= Velho Rajota =

Na década de setenta, morávamos, eu e a minha família, em Patos de Minas.

Meu pai escrevia artigos em vários jornais do país, inclusive jornais local. Raimundo Jose Tavares, (Rajota) como ele era conhecido. Trabalhava a anos no IBGE onde veio a se aposentar.

Era ele um autodidata, escrevia crônicas, artigos, poesias e tudo que vinha em sua cabeça. Fora professor de português, frances e latim. Como seu filho e amigo, eu era (e sou) o seu fã, alias eu e toda a nossa família. Certa vez, ele foi procurado por um senhor, simples da zona rural, que fez a ele o seu desabafo. Disse ele: _O senhor que é o “Rajota”? _ Sim senhor; -respondeu pai. _Em que posso ser-lhe útil? _Me disseram que o senhor escreve, com grande credibilidade, no jornal, é certo? _ Modestamente. _ Bom, o meu caso é o seguinte, levei a minha filha, uma criancinha, ao hospital, não sei se por desamor ou desinteresse, deixaram ela sem atendimento e ela sofreu muito. (Não sei dizer ao certo se ela veio a morrer acho que sim). _Meu pai ficou indignado, tratou logo de escrever um artigo onde narrava aquele repugnante fato.

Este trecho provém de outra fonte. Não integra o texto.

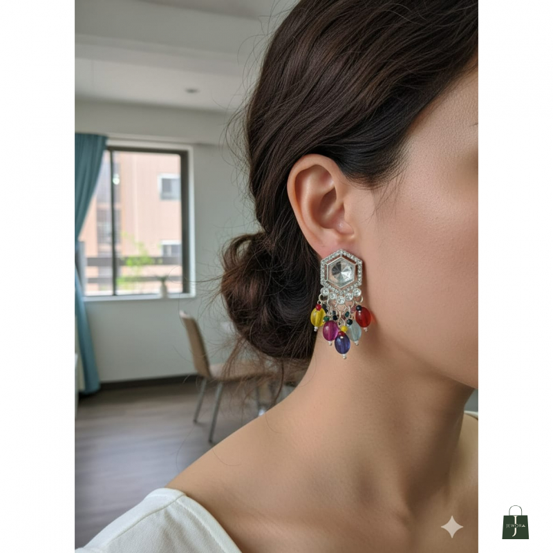 This eye-catching earring features a large, clear, hexagonal crystal at the top, framed by a border of smaller, sparkling stones set in a silver-tone metal. Dangling from the base of the hexagon is a vibrant cluster of multi-colored beads in various shapes, including teardrops and round beads. The colorful drops, in shades of ruby red, sunny yellow, sapphire blue, amethyst purple, and emerald green, create a playful and glamorous cascading effect.

Acabou de escrever, usando de toda a verdade que ele ouvira, pediu para aquele pai, com razão, revoltado, para que aprovasse e se fosse exato aquela narrativa, que assinasse junto a ele, assim repartiriam a responsabilidade. Ele leu, aprovou e assinou. No dia seguinte o artigo já era tema de repudio da sociedade. Os médicos se revoltaram, fizeram uma reunião extraordinária, e decidiram, unanimemente, a escrever uma carta para o meu velho e corajoso pai, ameaçando-o de morte. Nesta época trabalhávamos juntos, eu estava desenvolvendo um trabalho de pesquisa para o IBGE (PENAD). Era hora de almoço quando chegamos em casa, minha mãe estava nervosa e assustada. Ela sem pensar, foi logo falando: _Veja onde você foi mexer, olha a carta que os médicos mandaram, já te disse para não ficar remexendo nestas coisa, e agora o que faremos? _ Meu pai calmamente, abriu a carta e a degustou, deu uma enorme gargalhada e disse: _Que isto velha, não precisa se apavorar, cão que ladra não morde. _ Nesta carta estava uma ameaça de morte caso ele não se retratasse. Acho que nunca vi meu pai tão feliz! Parecia que havia ganhado um presente. Usando de sua enorme inteligência, pegou a carta, transcreveu-a na integra na edição seguinte, em baixo fez um breve comentário: _ Fiquei muito triste por ter recebido esta carta, pois quem a escreveu foram médicos, doutores de grande estudo, fiquei deveras triste, por receber uma carta com tantos erros de português.

Meu velho pai veio a falecer em 1999, ao setenta e três anos vitima de um infarto.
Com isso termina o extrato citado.